### ABOUT THIS EXERCISE:
Write out exactly, and only, the lines below from the line with "The Guess Black" through the line with "Pääsiäisen aikana pe-ma"; pictures do not belong in the copy.

### INFORMATION SUPPLIED:
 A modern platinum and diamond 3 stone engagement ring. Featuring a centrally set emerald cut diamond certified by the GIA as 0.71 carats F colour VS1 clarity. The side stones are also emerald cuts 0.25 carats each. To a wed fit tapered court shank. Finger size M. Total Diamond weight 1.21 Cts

* * *

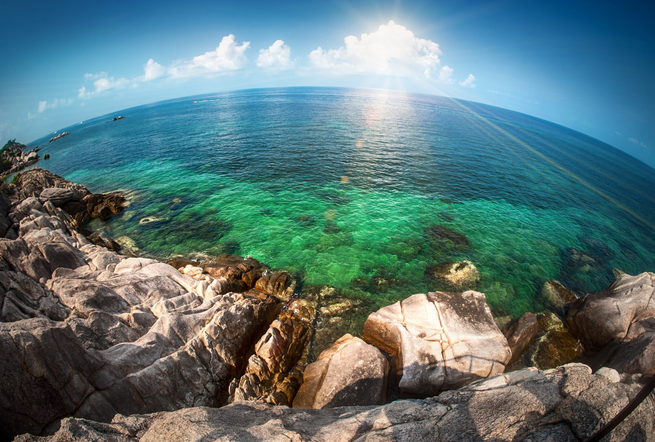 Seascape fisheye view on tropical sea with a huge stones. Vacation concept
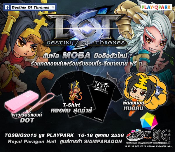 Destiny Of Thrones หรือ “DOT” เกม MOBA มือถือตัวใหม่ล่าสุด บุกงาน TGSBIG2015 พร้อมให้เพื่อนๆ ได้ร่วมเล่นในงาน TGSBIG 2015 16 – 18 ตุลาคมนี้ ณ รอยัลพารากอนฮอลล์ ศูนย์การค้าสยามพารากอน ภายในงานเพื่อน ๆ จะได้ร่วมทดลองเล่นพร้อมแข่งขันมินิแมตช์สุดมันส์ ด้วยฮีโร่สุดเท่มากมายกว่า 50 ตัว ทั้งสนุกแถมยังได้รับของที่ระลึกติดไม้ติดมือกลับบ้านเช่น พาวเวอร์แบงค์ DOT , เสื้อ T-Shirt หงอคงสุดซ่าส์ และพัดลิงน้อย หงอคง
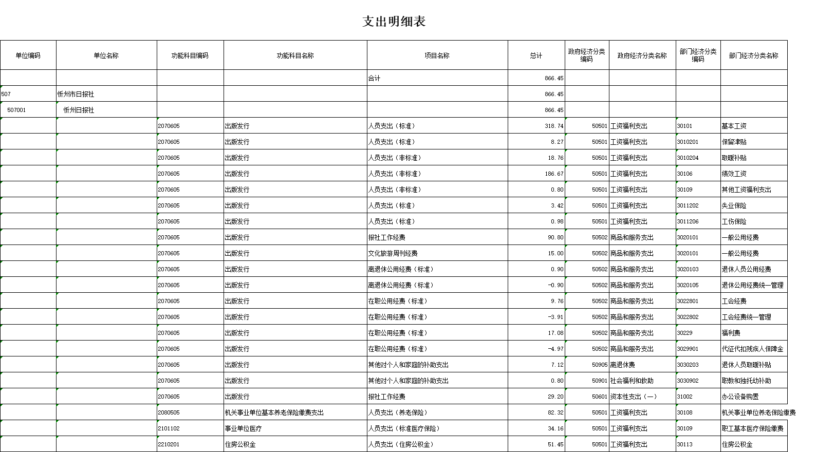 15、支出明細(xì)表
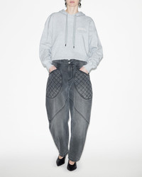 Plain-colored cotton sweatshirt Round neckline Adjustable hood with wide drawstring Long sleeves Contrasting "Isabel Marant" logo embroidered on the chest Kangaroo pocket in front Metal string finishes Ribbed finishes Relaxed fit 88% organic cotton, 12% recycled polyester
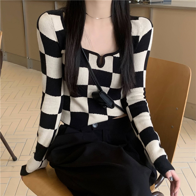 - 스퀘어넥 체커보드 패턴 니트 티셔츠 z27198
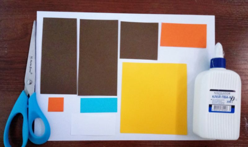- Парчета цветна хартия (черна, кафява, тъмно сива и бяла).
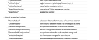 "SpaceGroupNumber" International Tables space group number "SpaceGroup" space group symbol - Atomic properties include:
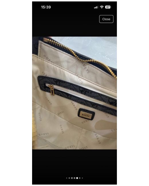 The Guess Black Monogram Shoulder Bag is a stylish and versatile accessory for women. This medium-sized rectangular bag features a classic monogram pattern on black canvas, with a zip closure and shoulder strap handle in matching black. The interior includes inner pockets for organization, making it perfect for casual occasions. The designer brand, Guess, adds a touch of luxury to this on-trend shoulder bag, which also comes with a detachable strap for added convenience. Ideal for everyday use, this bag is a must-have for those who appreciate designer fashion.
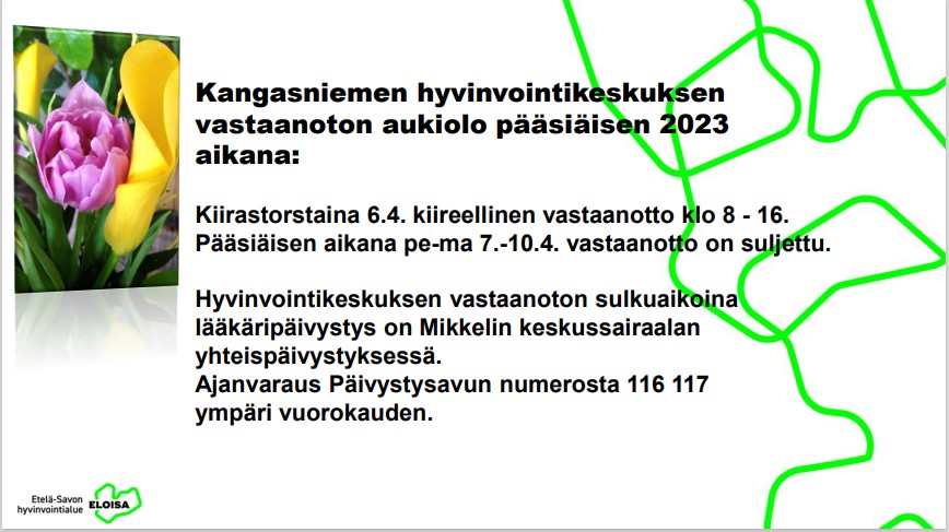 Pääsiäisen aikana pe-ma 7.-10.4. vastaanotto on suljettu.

### EXPECTED ANSWER:
 The Guess Black Monogram Shoulder Bag is a stylish and versatile accessory for women. This medium-sized rectangular bag features a classic monogram pattern on black canvas, with a zip closure and shoulder strap handle in matching black. The interior includes inner pockets for organization, making it perfect for casual occasions. The designer brand, Guess, adds a touch of luxury to this on-trend shoulder bag, which also comes with a detachable strap for added convenience. Ideal for everyday use, this bag is a must-have for those who appreciate designer fashion.
 Pääsiäisen aikana pe-ma 7.-10.4. vastaanotto on suljettu.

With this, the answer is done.